Question

If \( \frac{x}{y} = 0.45 \), then the value of \[ \frac{3y - x}{3y + x} + \frac{6}{23} \] is:

• A. 0.85
• B. 1.0
• C. 1.95
• D. 2.05

Hint:

Always look for opportunities to simplify terms, like canceling out variables or simplifying fractions.

Answer 1

The Correct Option is B

We are given \( \frac{x}{y} = 0.45 \), which implies \( x = 0.45y \).
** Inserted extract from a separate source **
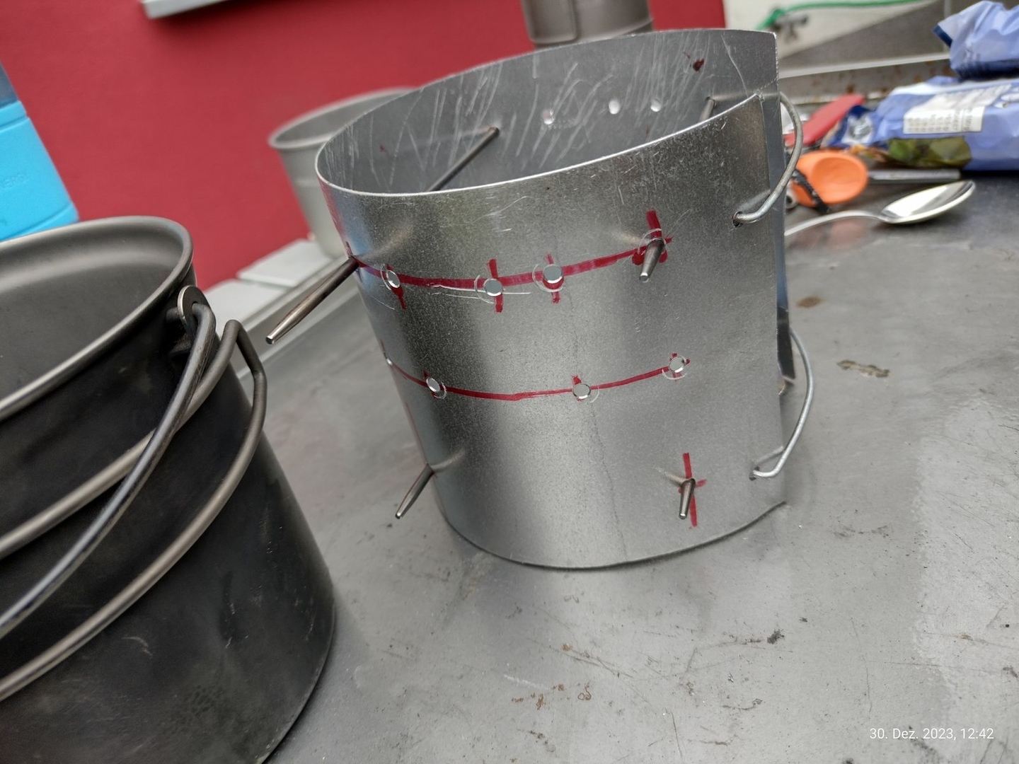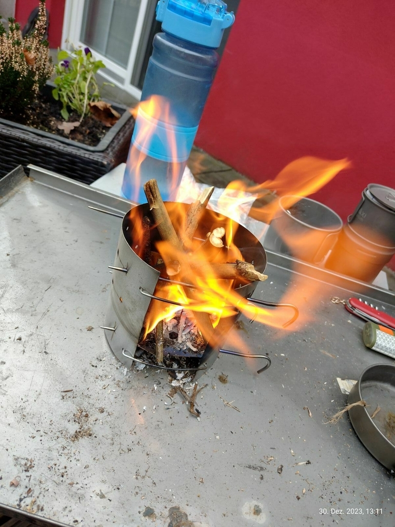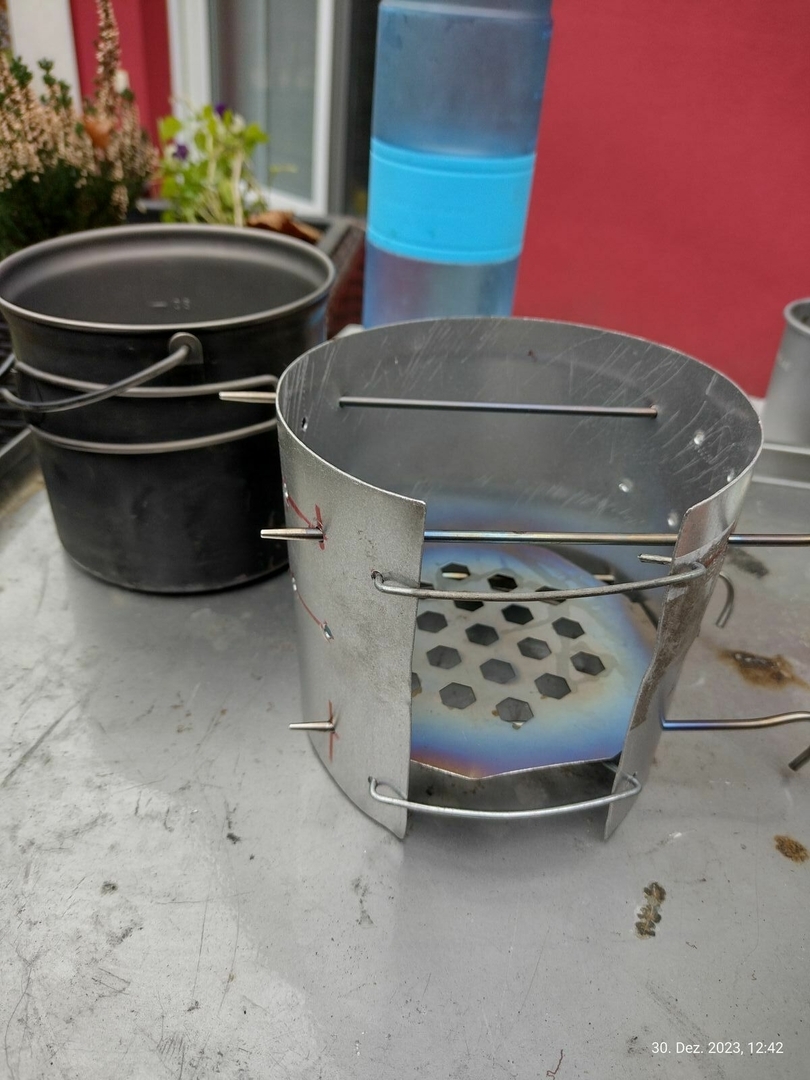 Da nach dem Mittagessen Caffee quasi Ritual oder Pflicht ist, wurde jetzt der Betrieb mit dem Toaks Spiritusbrenner getestet. Dazu die topftragenden Heringe eine Etage tiefer und Abfahrt.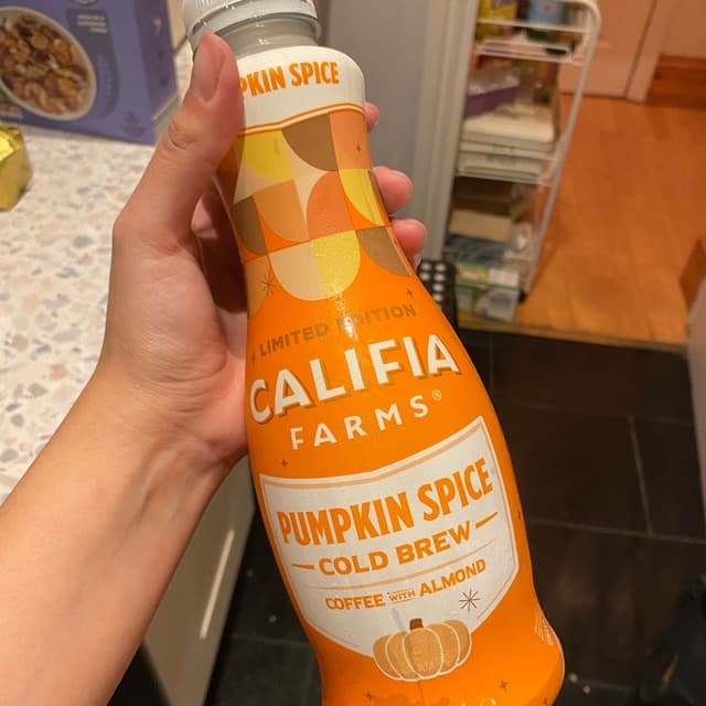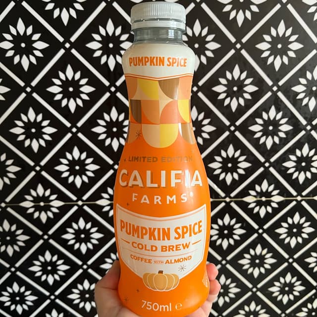 Califia Farms - Oatmilks, Almondmilks, Creamers, Coffees Limited Edition  pumpkin spice cold brew coffee with almond.  Your Pumpkin Spice Cold Brew is Ready Bold cold brew plus our velvety almond drink, real pumpkin and spices beautifully blended and ready to sip. Pour over ice and enjoy. Plant-Based Drink, 100% Arabica Coffee, BPA Free Packaging, Carrageenan Free, Always Plant-Based, Suitable for Vegans, Kosher Country of Origin Produce of the EU Suitable for vegetarians Seen this advertised on social media and thought i have to try and get some of this urgently.  so i was lucky enough to pick a couple up for 59p what a bargain,  how to drink - open bottle and pour into glass and drink straight great over ice even add some vodka - blinking delicious.  Love the opportunity to taste pumpkin ingredients food whether food or beverages and when i find them with £2 discount price the better.  So all this week i have been adding it into my coffee for a more luxurious flavour.  This milk can be drunk hot or cold but must be kept in the fridge so it does not spoil  after opening you have 7 - 10 days to use it up by.  10/10 review totally recommended for the fridge / cooler pantry for your plant based cooking and drinking you will be happy to buy.  #coffee #milk #almond #caffine #flavour #vegan #veganshopping #veganhaul #caffine #veganism #plantbased #drinks

Substitute \( x = 0.45y \) into the given expression: \[ \frac{3y - 0.45y}{3y + 0.45y} + \frac{6}{23} \] Simplify the fractions: \[ \frac{2.55y}{3.45y} + \frac{6}{23} \] Cancel out \( y \) from the numerator and denominator: \[ \frac{2.55}{3.45} + \frac{6}{23} \] Now simplify \( \frac{2.55}{3.45} \): \[ \frac{2.55}{3.45} = \frac{255}{345} = \frac{17}{23} \] So, the expression becomes: \[ \frac{17}{23} + \frac{6}{23} = \frac{17 + 6}{23} = \frac{23}{23} = 1 \] Thus, the value of the expression is \( 1 \).